カフェとカフェ開業について調べれば調べるほど、起業するにはリスクが高い業態だと感じる。第1話にも書いたとおり、飲食店は2年で5割、10年で1割しか生き残れない。うまく滑り出しても黒字化までは平均6.7ヶ月かかる。また、第8話で判明した、厚労省が2013年に実施したアンケート調査によると、「個人経営では"土地・建物とも自己所有"が56.5%と半数を超えている」という、なんとなく知っていたが決定的な事実がある。とすると…。
テナントで10年以上続けるのは難しいのだろうか?
テナントを借りて経営しているカフェや喫茶店で、10年以上経営を続けるのは難しいのではないだろうか?という疑問が当然湧いてくる。

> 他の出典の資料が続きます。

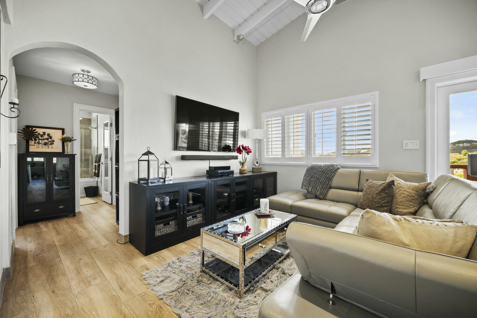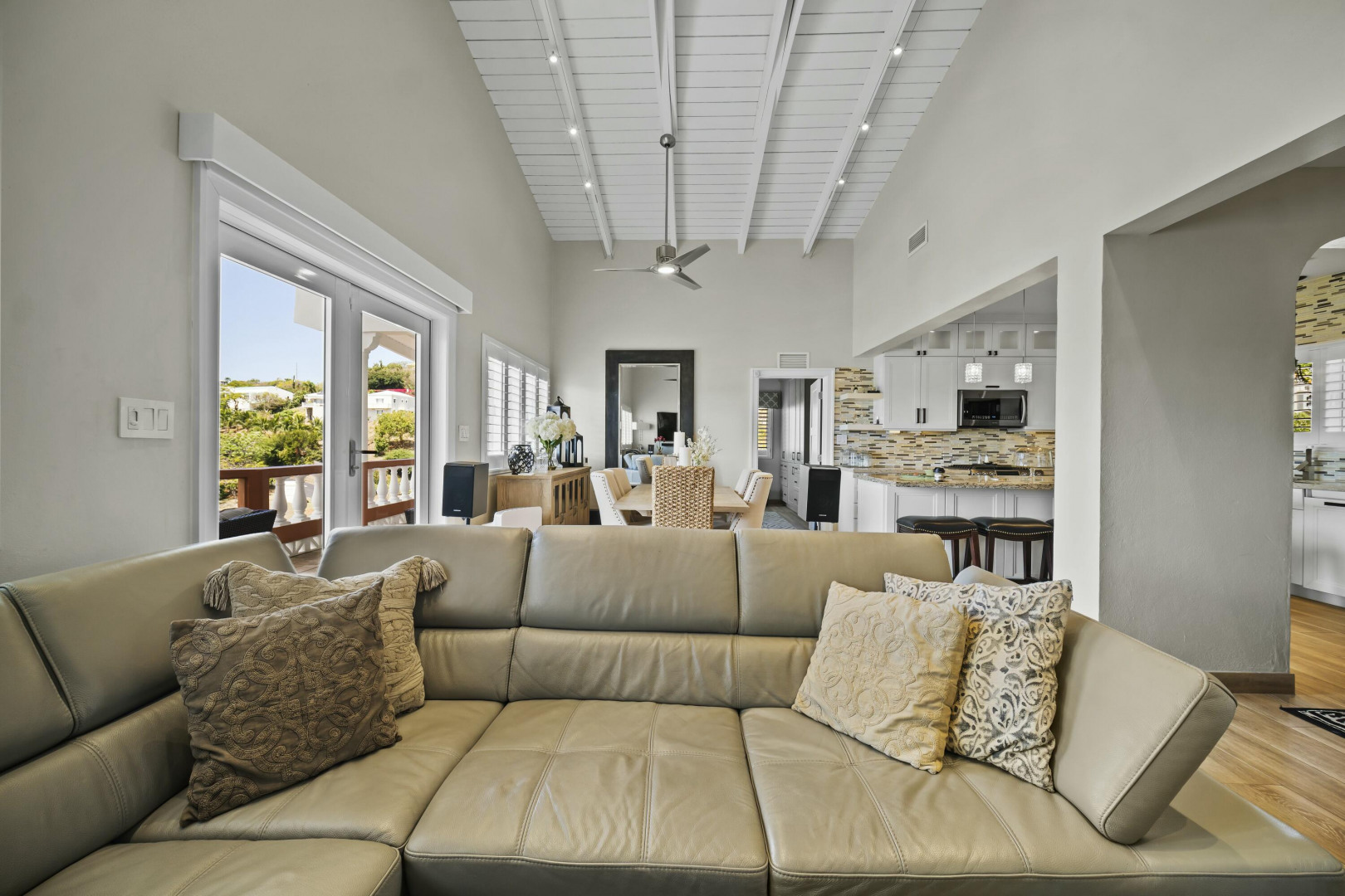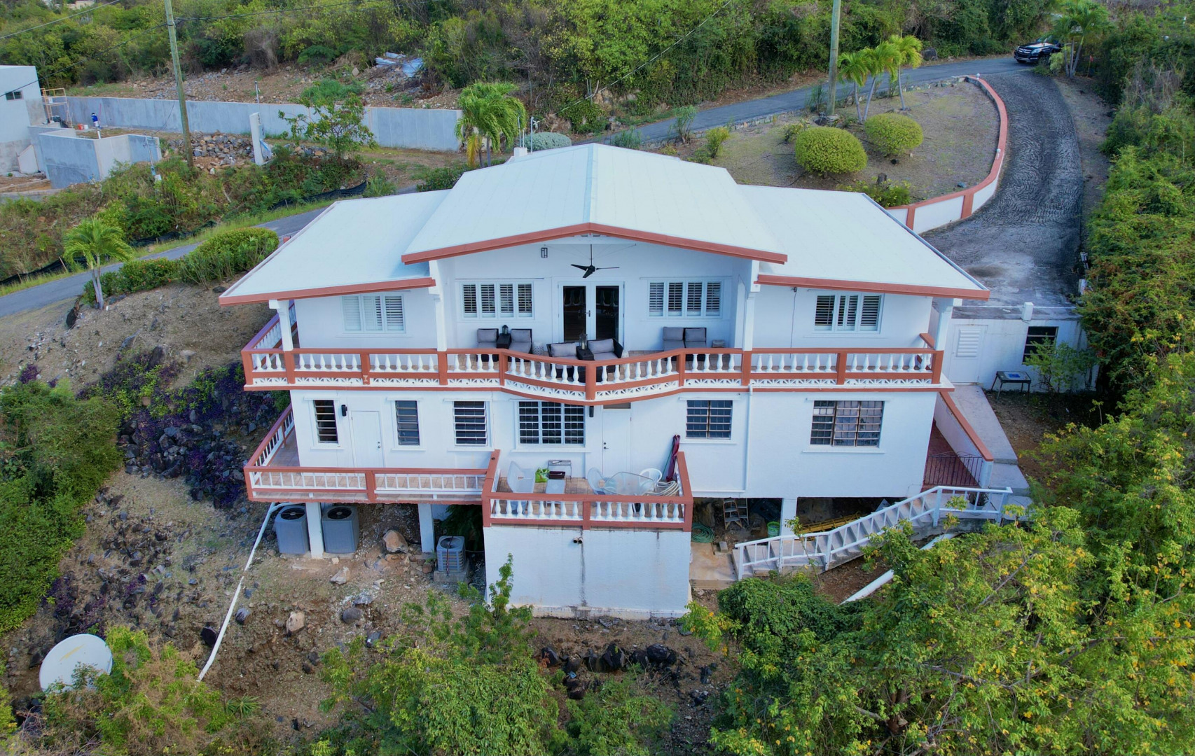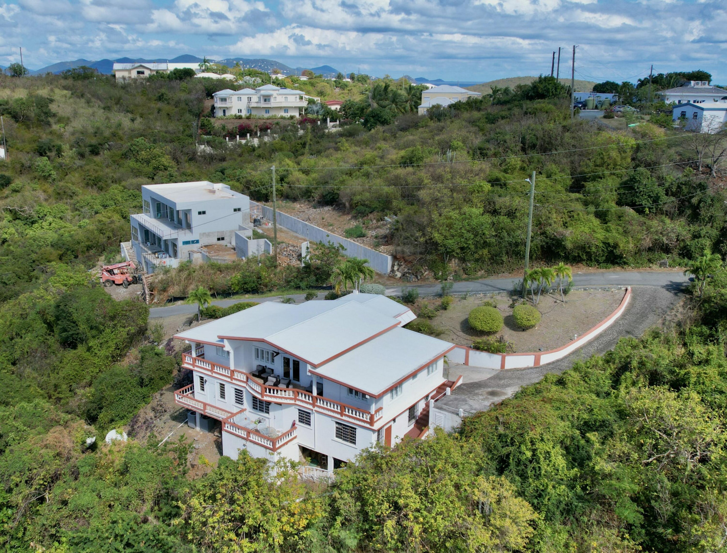 A perfect blend of privacy, ocean views & natural beauty in this stunning 3Br-2 Bath with 1 Br-1Bath Apt. (separate metering) & studio. on .37 acres. East End, shops, restaurants, ferry, yacht club, & walk to Secret Harbour Beach. Conveyed turn-key furnished ($175K separate bill of sale tendered at closing) Smart home, wired, monitored security. Premium upgrades. Solid bluestone construction, reinforced roofing, 2 concrete storages, new elastomeric paint. Horseshoe driveway, Porte cochere, French doors, wrap decks, hurricane glass, steel shutters, plantation shutters. Vaulted ceiling, attic, custom cabinetry, Cambria quartz, toto toilets, 3 commercial HVAC, 2 satellites, 22K auto generator, solar conduit, 50,000 + cistern -water purification system.There are MANY extra features in this home. of superior quality. Please go to documents -Assets- Schedule ''A'' Survey Schedule'' B'' and house layouts - Schedule ''C''

実際、大船駅近くの喫茶店を訪問しようにも、案外に少ない。Googleマップ上に存在していても、行ってみると別の店舗に変わっていたりするのだ。
Cafe 4Uとの出会い
そんな中で、Cafe 4Uさんを訪問できたのは幸運だった。大船仲通り商店街の市場ゾーンから大船小学校方面に向かう通りには、おしゃれな飲食店が立ち並んでいる。その一角にあるのがCafe 4Uさんだ。なんと開業してから今年で15年目とのこと。大船駅のカフェで10年以上継続しているお店がほとんど無い中で、この実績は強い。
15年も続いているカフェは、必ず何か特別なものを持っているはず。その秘密を探りたい!
身銭を切る人の言葉は重い
個人的な信条として「身銭を切っている人の言葉」は信じることにしている。
コーヒー素人かつ一見客の私に、カフェ運営について色々教えてくださった。具体的な内容はここでは伏せるが、私のカフェ開業メモに新たに2行が追加された。
- スペシャルティコーヒーにこだわる必要はないかも
- コーヒー プラス アルファの必要性
プラス・アルファの重要性
Cafe 4Uさんのプラス・アルファはおそらくパニーニだ。(この日はホットコーヒーだけ頂いたので、次回はセットでいただこうと思う。)このプラス・アルファは、選択肢が多すぎてもダメだろう。パニーニやスイーツはちょうどいいサービスのような気がする。
そして、扱っている珈琲豆がスペシャルティコーヒーではなかったこと。先日発売されたBRUTUSのコーヒー特集などから感じる、キラキラに輝くバリスタたちが淹れるスペシャルティコーヒーにあらずんばコーヒーじゃない的な雰囲気がコーヒー素人にはある。(個人の感想です。)
ライト層を見据えたビジネス戦略
しかし、データ的にはスペシャルティコーヒーの流通量は1%から5%と言われている。つまり、普段コーヒーを飲んでいるほとんどの人たちはスペシャルティコーヒーを飲んでいないのだ。どんな業界でも、顧客の99%はライト層と呼ばれる人たちである。ビジネスの視点で考えた場合、メイン顧客であるライト層と、希少品であるスペシャルティコーヒーの組み合わせがバチッとハマる環境ではまだないだろう。
炭焼コーヒーの魅力
話を戻そう。
席についた私の前にグラスに注がれた一杯の水。まだまだ暑い日が続くから助かる—とその時は思ったが、後で調べると、口の中が乾いていると味覚が鈍感になるため、コーヒーの前に水を飲むのが作法の一つらしい。(こういう組み合わせの妙は好きだ。)
そして、一杯のホットコーヒー。—— 美味しい。使用する自家焙煎機は炭火焼タイプ。開業からの15年戦士だそうだ。フジローヤルという日本のメーカーらしい。
炭火焼の自家焙煎機が15年も現役とは驚きです。長年の経験が美味しいコーヒーを生み出しているんですね。
おしゃれな穴場カフェ
店内の雰囲気。—— 良い。
大船駅近くで、おしゃれなカフェを探しているなら、Cafe 4Uは穴場かもしれない。大船カフェチェーンとは一味違う個性的な空間が広がっています。